Se descubrió solo porque Grace y Emma se toparon con ello por accidente.
Serena volvió a guardar silencio.
No podía imaginar por qué tipo de cosa retorcida había pasado Fay para que la aldea estuviera dispuesta a expulsar a una hembra.
Y una parte de ella no quería saberlo.
Pero sí explicaba su inusual timidez en un mundo donde muchas mujeres bestia eran orgullosas o arrogantes.
—¡Oh, ahí está!
—declaró Wilma antes de salir corriendo de repente.

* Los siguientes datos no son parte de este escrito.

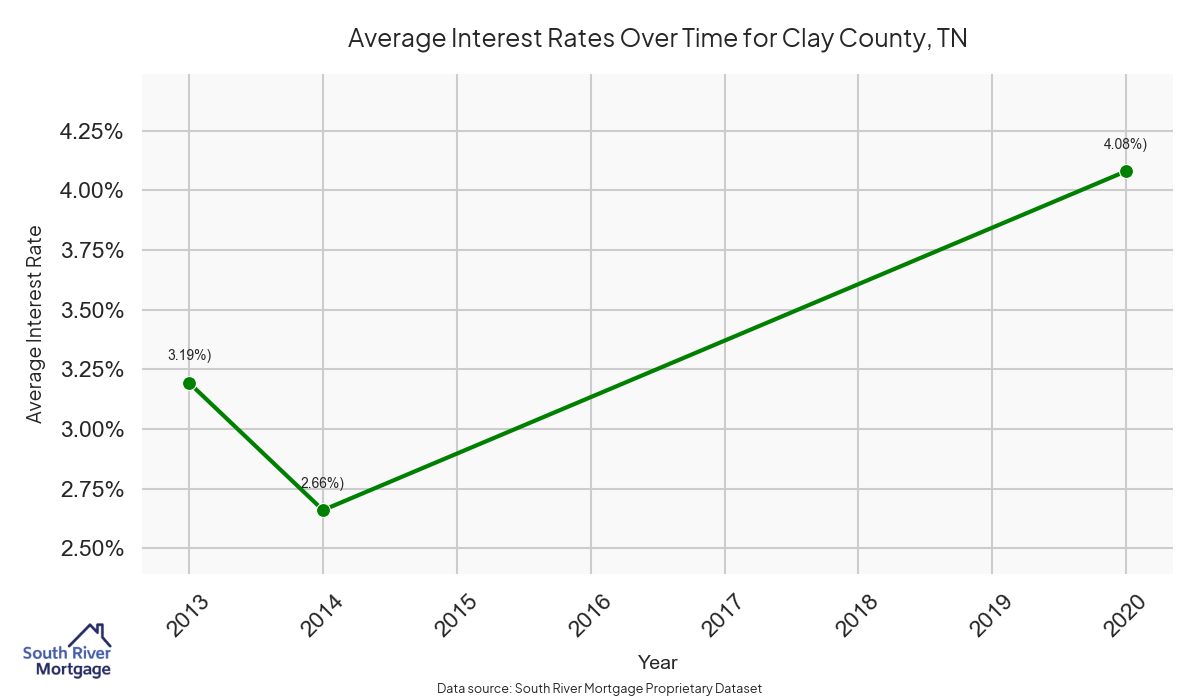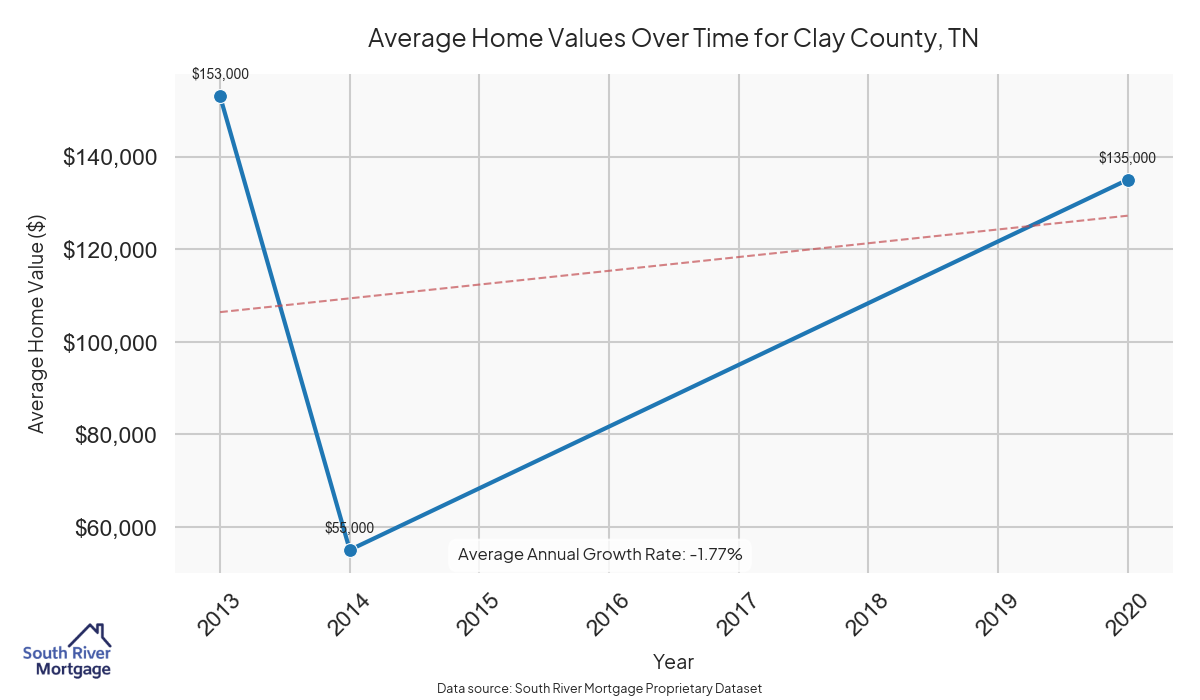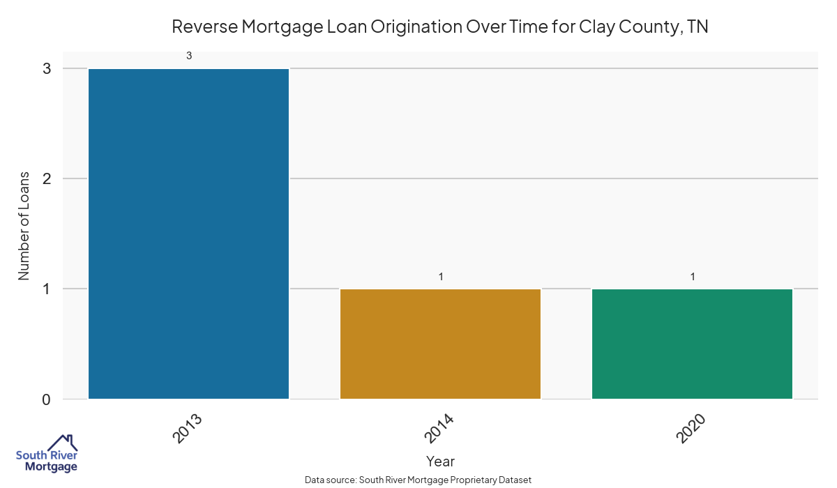 In 2024, there were 5 active reverse mortgage loans in Clay County, Tennessee. The average home value in Clay County is $198,958.00.
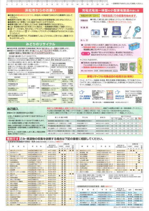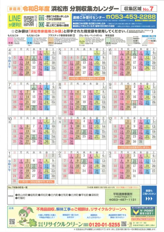 令和8年度浜松市分別収集カレンダー 収集区域No.7 のダウンロードをこちらから行えます。日本語版だけでなく、外国語版(英語、スペイン語、ポルトガル語、中国語、韓国語、ベトナム語、フィリピン語)もダウンロードできます。
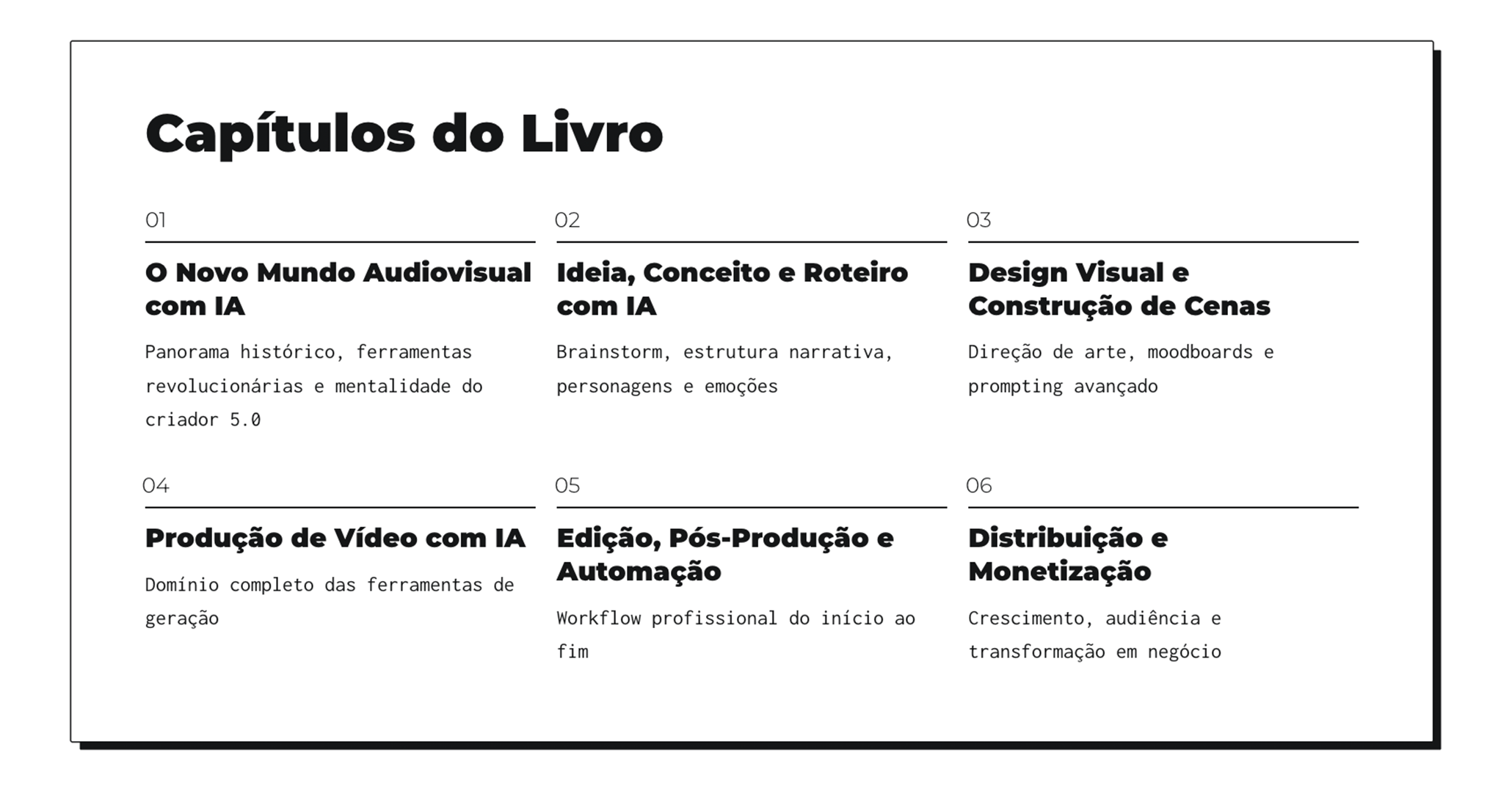 Este livro mergulha nas principais plataformas de inteligência artificial para criação de vídeos, como Sora 2, Runway, Midjourney e outras.
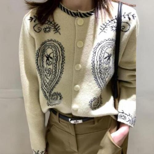 유니크 여성 보헤미안 페이즐리 나염 니트 가디건
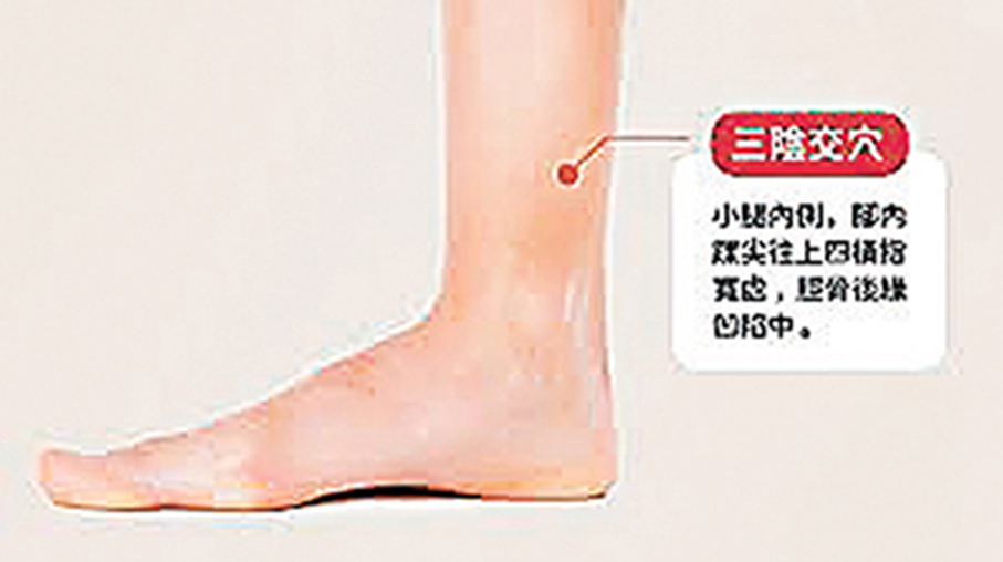 【位置】內踝尖上3寸,脛骨內側緣。
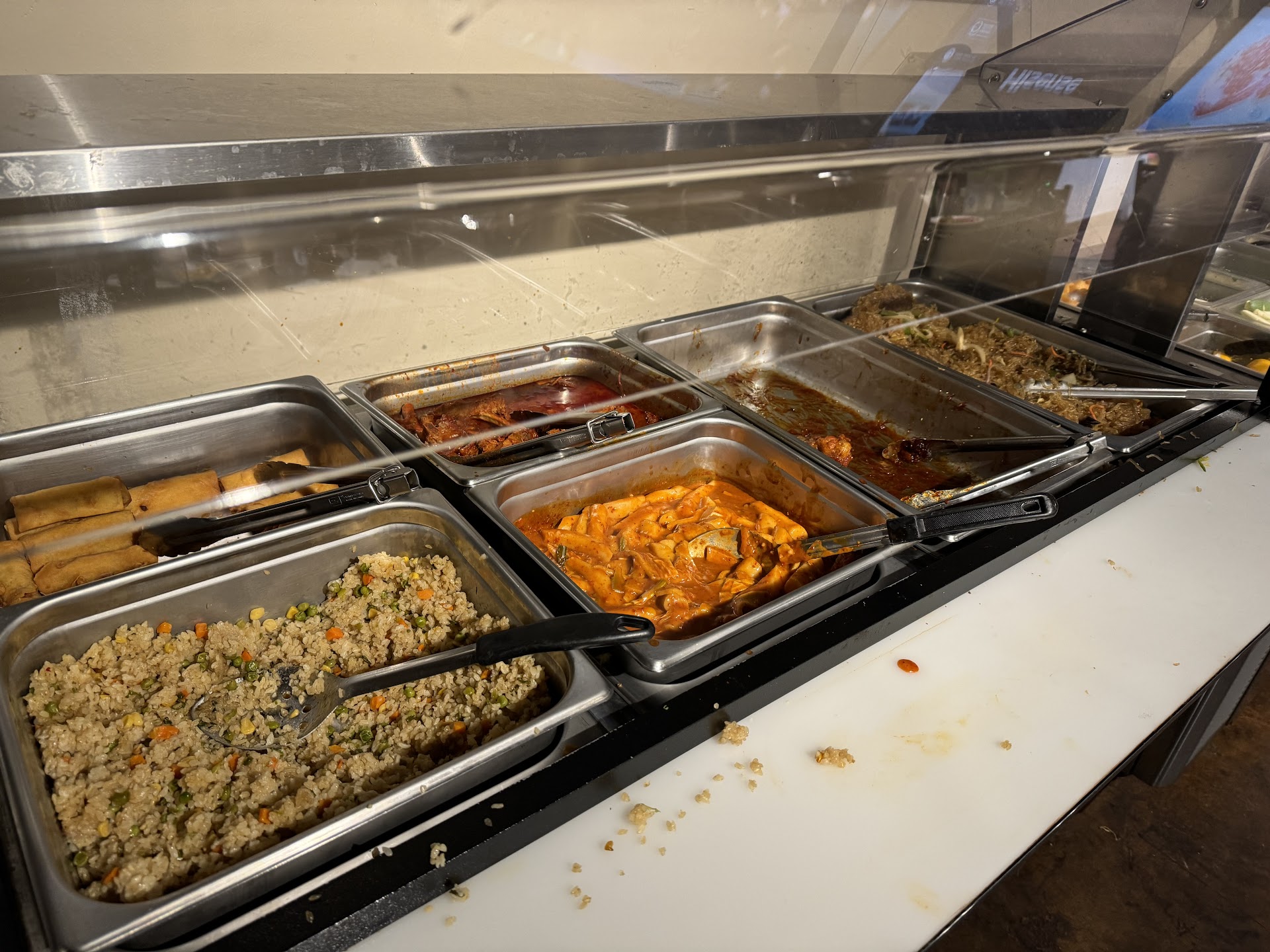 Pros: -The service was friendly. -The food such as the cheese corn, pork belly meat, and ramen was decent. -The salad bar had a variety of options. The egg rolls were good.
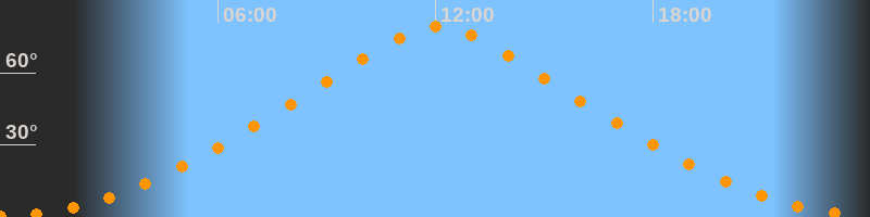 | Höchster Stand (Kulmination) | 12:04 Uhr (h = 79,1°) |
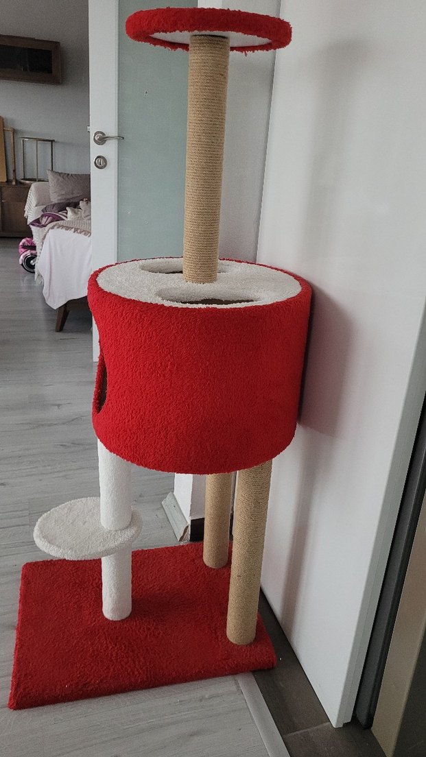 Çok katlı kedi tırmalama tahtası, yumuşak yüzeyler ve doğal lifli tırmalama direkleri içerir. Kırmızı renkli saklanma alanı ve tırmanma platformları bulunur. sakarya

Serena tuvo que salir de su aturdimiento y perseguir a Wilma una vez más.
La mujer bestia conejo fue rápida y agarró a un hombre bestia de aspecto joven antes de que este tuviera la oportunidad de hacer nada.
Se parecía a Davis, dado que eran hermanos; sin embargo, sus orejas y su pelo tenían manchas blancas en lugar de ser completamente marrones.
—¡¿Qué?!
—gritó James, mirando a las dos mujeres bestia en estado de shock—.
Wilma, tú…
—Fay te necesita —lo interrumpió Wilma antes de que tuviera la oportunidad de protestar—.
Tienes que venir con nosotras a verla.
El rostro de James pasó por varias emociones mientras procesaba las palabras de Wilma.
Finalmente, suspiró: —Pero no puedo irme así como así…
—¡Eh, Matthew!
—Wilma se apartó de ellos y le gritó a un hombre bestia cercano—.
Tomo prestado a James un momento.
Volveremos pronto.
El hombre bestia refunfuñó en respuesta: —Asegúrate de que vuelva antes de que empecemos a servir la comida.
Wilma se volvió hacia James y sonrió: —Listo.
Ya está arreglado.
Ahora tienes que venir con nosotras.